Voglio terminare con una cantante di grande valore, forse non completamente apprezzata nel suo giusto valore: Graziella PARETO. Incise l’aria nel 1920, completo di recitativo “Ah fors’è lui”, una sola strofa, con “Follie, follie”, per “Sempre libera”. Pur essendo un soprano leggero, nota per sopracuti e virtuosismi, si attiene abbastanza fedelmente al testo, senza mai strafare.

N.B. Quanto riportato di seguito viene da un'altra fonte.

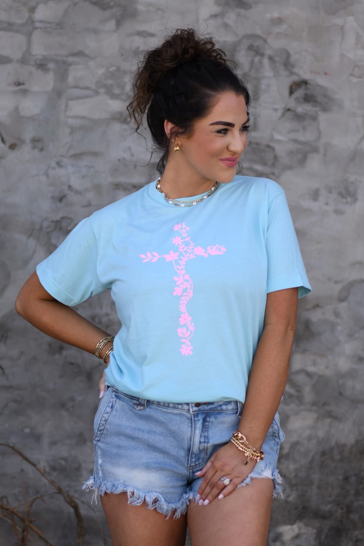 Introducing our Neon Pink Floral Cross Tee, featuring a vibrant neon pink floral cross on a soft purist blue tee. Made with comfort and style in mind, this tee is perfect for adding a pop of color to any outfit. Embrace your unique style with this eye-catching design.
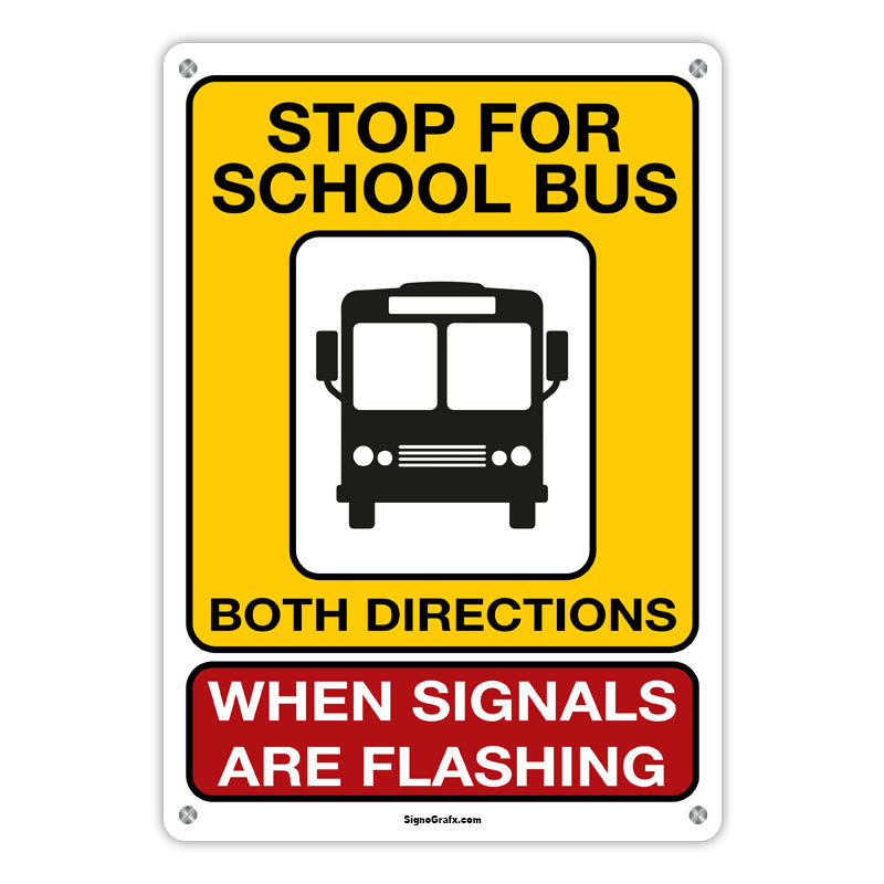 Ensure the safety of children with our 'Stop For School Bus Both Directions When Signals Are Flashing' sign! This sign serves as a vital reminder for drivers to halt their vehicles in both directions when a school bus is picking up or dropping off students.
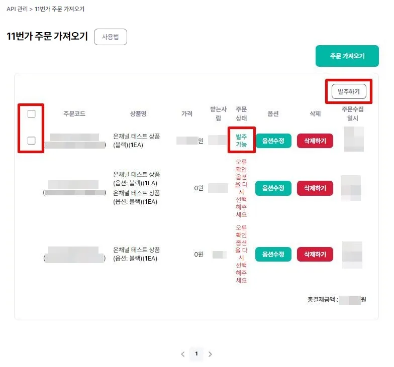 [옵션 수정] 버튼을 누르면 각 주문 건에 선택된 옵션을 확인할 수 있으며, 오류난 건은 빨간색 테두리로 표시되어 있어요.
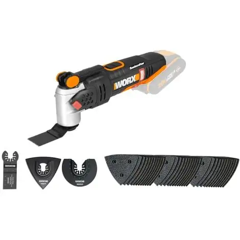 L’outil multifonction Worx WX693.9 Bare Tool 20V dispose d’un système de montage «hyperlock». Ce système de montage vous permet de changer d’accessoires sans effort et rapidement pour un changement d’accessoires sans effort et rapide sans outils. Un gros avantage de l’outil multifonction est que vous pouvez monter les lames de scie dans différentes positions sur la machine. De cette façon, vous pouvez atteindre tous les endroits difficiles que vous ne pourriez jamais atteindre avec une scie circulaire normale.La fonction LED de l’outil multifonction Worx éclaire également tout lieu de travail sombre. De plus, l’outil multifonction a un réglage de vitesse variable, vous pouvez donc ajuster la vitesse de l’outil à votre guise. Cet outil est multifonctionnel et peut être utilisé pour couper, scier, raboter, poncer et bien plus encore. Cet outil multifonction peut être utilisé sur toutes sortes de matériaux: comme le bois, le métal, les carrelage, les plaques de plâtre et la maçonnerie. L’outil multifonction est fourni avec des accessoires. Vous recevrez une lame de scie pour la scie circulaire, une lame de scie universelle de 28 mm, une feuille de ponçage, 12 papiers abrasifs de 40K (granulométrie), 12 papiers abrasifs de 80K et 12 papiers abrasifs de 120K.
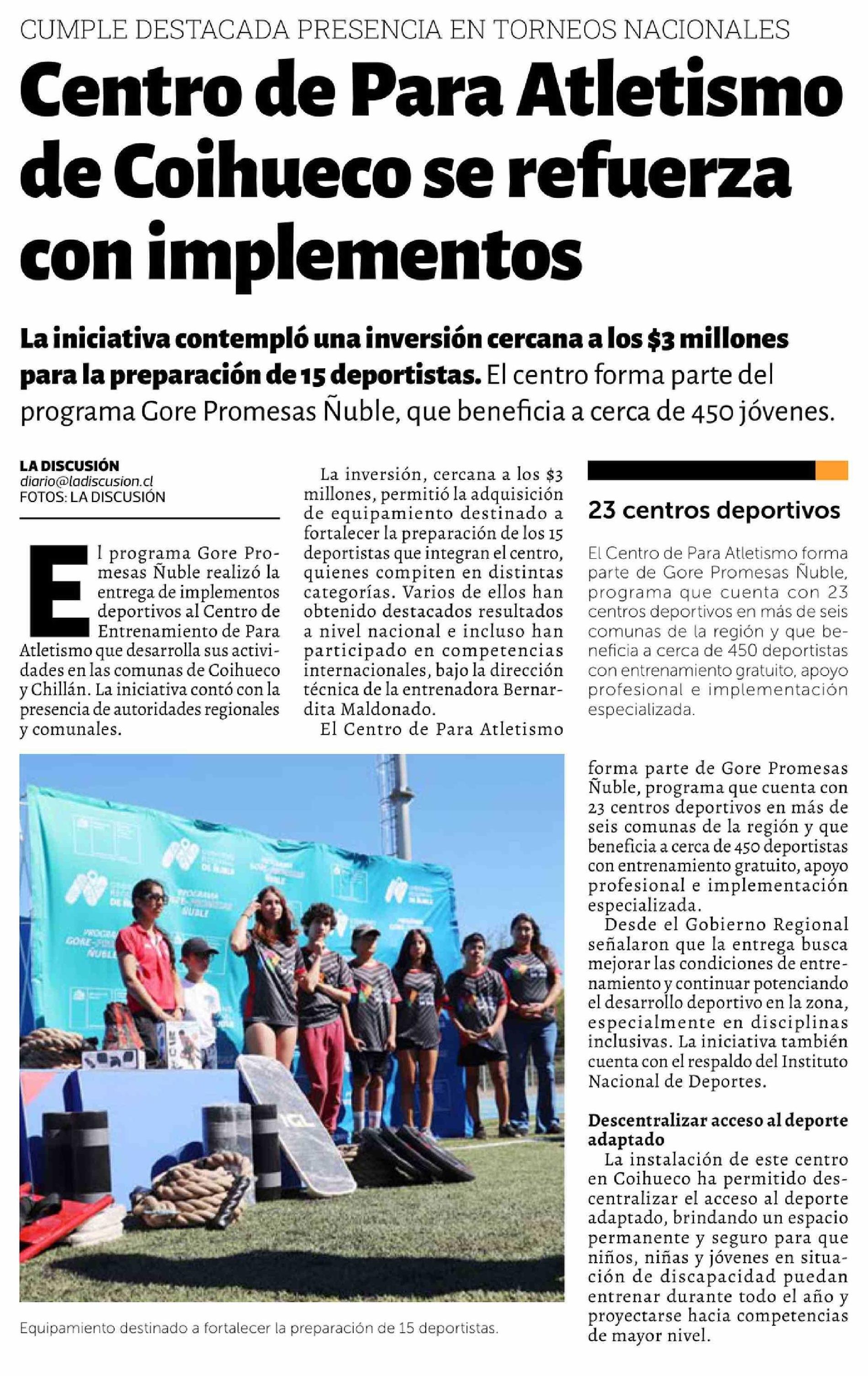 Centro de Para Atletismo de Coihueco se refuerza con implementos

Dimostra una eccellente linea di canto in “Ah fors’è lui”, coronato da un bel do e, dopo aver superato brillantemente le difficoltà dei “Gioir” e  “Sempre libera”, arriva a un sicuro mi bemolle , eseguendo, “Grazie al Cielo!”, in “dee volar”, tutte le note con scrupolosa esattezza. 

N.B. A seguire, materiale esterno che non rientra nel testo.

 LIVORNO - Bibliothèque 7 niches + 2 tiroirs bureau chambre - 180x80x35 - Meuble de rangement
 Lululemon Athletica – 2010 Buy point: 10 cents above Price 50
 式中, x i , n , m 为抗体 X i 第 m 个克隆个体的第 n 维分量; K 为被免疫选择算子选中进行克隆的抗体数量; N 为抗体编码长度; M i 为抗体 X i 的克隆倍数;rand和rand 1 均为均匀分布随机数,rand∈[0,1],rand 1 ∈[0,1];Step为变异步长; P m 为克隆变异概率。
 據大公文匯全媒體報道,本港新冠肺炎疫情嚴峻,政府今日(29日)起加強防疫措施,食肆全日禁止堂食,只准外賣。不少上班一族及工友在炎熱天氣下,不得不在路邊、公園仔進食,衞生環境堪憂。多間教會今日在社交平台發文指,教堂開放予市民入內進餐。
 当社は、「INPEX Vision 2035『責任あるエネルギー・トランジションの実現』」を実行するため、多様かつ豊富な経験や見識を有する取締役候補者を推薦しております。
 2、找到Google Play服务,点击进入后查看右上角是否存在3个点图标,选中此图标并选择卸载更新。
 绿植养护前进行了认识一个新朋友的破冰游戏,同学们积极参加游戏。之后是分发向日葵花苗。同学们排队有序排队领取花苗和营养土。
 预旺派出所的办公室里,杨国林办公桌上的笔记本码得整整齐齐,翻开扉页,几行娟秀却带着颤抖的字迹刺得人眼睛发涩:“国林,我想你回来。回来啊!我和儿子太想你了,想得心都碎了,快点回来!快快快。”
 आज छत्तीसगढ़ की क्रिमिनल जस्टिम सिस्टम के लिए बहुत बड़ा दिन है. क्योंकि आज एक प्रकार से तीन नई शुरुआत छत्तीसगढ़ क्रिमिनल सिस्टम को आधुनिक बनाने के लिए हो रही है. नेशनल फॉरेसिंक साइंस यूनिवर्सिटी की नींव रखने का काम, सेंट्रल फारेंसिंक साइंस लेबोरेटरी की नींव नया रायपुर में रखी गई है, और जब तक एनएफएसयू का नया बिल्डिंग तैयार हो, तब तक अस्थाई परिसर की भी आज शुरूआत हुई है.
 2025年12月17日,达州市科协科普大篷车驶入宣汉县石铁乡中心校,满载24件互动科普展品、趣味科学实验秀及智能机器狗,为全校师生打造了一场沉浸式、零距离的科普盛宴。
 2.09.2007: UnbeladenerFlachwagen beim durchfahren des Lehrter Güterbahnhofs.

Per molti anni, fino alla fine dei 78 giri, mantenne la sua presenza nei cataloghi VICTOR e
La Voce del Padrone  un disco molto considerato. Si trattava della prima parte dell’aria  (È strano-Ah! fors’è lui) cantato da Lucrezia BORI. Non era accoppiato con la seconda parte dell’aria, bensì, per una di quelle bizzarre idee che coglievano spesso i direttori artistici delle case discografiche, con “Ritorna vincitor!” dall’Aida, cantato da Rosa Ponselle. Pregevole esecuzione, senza dubbio, (anche se tagliata, un'altra abitudine del tempo), ma poco in carattere con l’aria della Traviata.

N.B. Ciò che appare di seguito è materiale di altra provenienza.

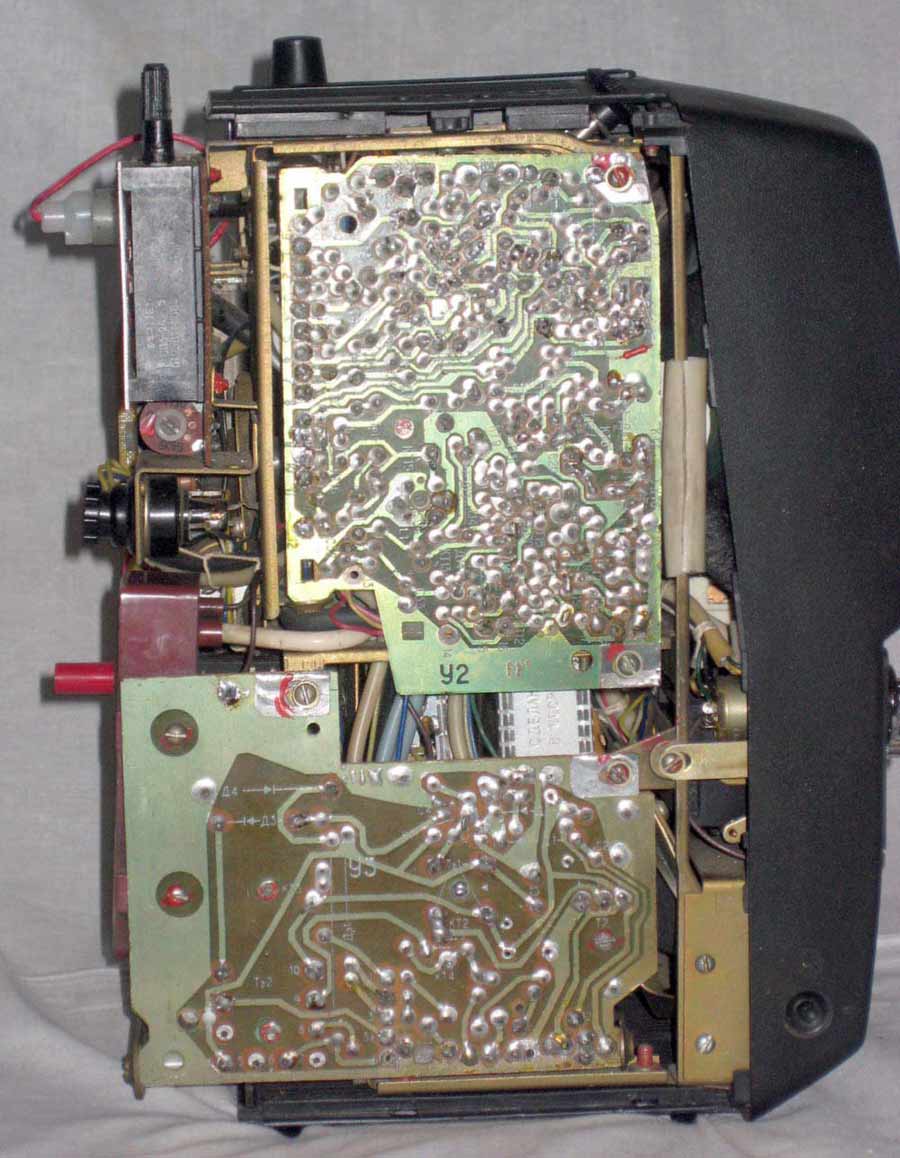 Телевизионный приёмник ч/б изображения *Шилялис-403Д* с 1977 года выпускал Каунасский радиозавод. Малогабаритный, переносный телевизор 4-го класса **Шилялис-403Д** обеспечивает приём на любом канале МВ и ДМВ диапазонов. Кинескоп установлен с размером 16 см по диагонали. В модели используются электронные селекторы каналов, управляемые кнопочным механизмом с блоком памяти на четыре фиксированные программы, имеется обзор всего ТВ диапазона. Быстродействующая система АРУ, а также повышенная помехозащищенность трактов блока развертки и УПЧ изображения обеспечивают приём с антенной *АТА-1* даже в движущемся автомобиле. Телевизор выполнен на 2 интегральных микросхемах, 39 транзисторах и 33 диодах. Чувствительность в МВ диапазоне - 50 мкВ, в ДМВ - 100 мкВ. Выходная мощность канала звука - 0,25 Вт. Диапазон воспроизводимых частот - 300...5100 Гц. Потребляемая мощность от сети - 18 Вт, автономного источника напряжением 12 В - 10 Вт. Габариты ТВ - 255х160х220 мм. Масса 5,7 кг.

Per molto tempo si credette che la Bori non aesse mai inciso la seconda parte, poi, inaspettatamente, verso la fine degli anni ’40, la Victor trasse dal suo archivio “Follie, follie e Sempre libera” (una sola strofa). All’entusiasmo iniziale subentrò la delusione più grande. Si capiva perché, all’epoca, “Sempre libera” fosse rimasto umpublished. L’esecuzione è affrettata, le agilità molto, molto approssimative, insomma un unanime giudizio negativo per quella che pure, e a ragione, era considerata un’artista fine e delicata. L’incisione delle due parti era elettrica, per cui il nome della Bori non troverebbe spazio in questa rassegna se… se la casa MARSTON non avesse riportato alla luce l’aria (quasi) completa (una sola strofa di Sempre libera”) cantata dalla Bori per i dischi EDISON. E qui le cose cambiano. La prima parte è, come per quella elettrica,cantata con molta semplicità e naturalezza, senza cadenze aggiuntive, si riela  una eccellente esecuzione. La seconda parte, accurata in ogni particolare, si svolge senza particolari problemi, dandoci, finalmente! un’esecuzione degna del nome della cantante. Le agilità finali non sono fedeli al testo, ma in quanto a questo, come abbiamo già visto, la Bori è in buona compagnia.
 
La mia rassegna, per il momento termina qui. Abbiamo esaminato quest’aria in italiano, in tedesco, in russo e in francese.  Se avrò destato il vostro interesse potremo continuare , con la rassegna di incisioni che, dal 1925-26, si gioveranno della registrazione elettrica. Dall’elenco sopra descritto manca, con mio rammarico, il soprano Selma Kurz, ma di lei ho potuto trovare, per il momento, soltanto la prima parte. Dato che per due volte incise “Sempre libera”, non dispero di trovarla e, in caso affermativo, la includerò in un’altra puntata.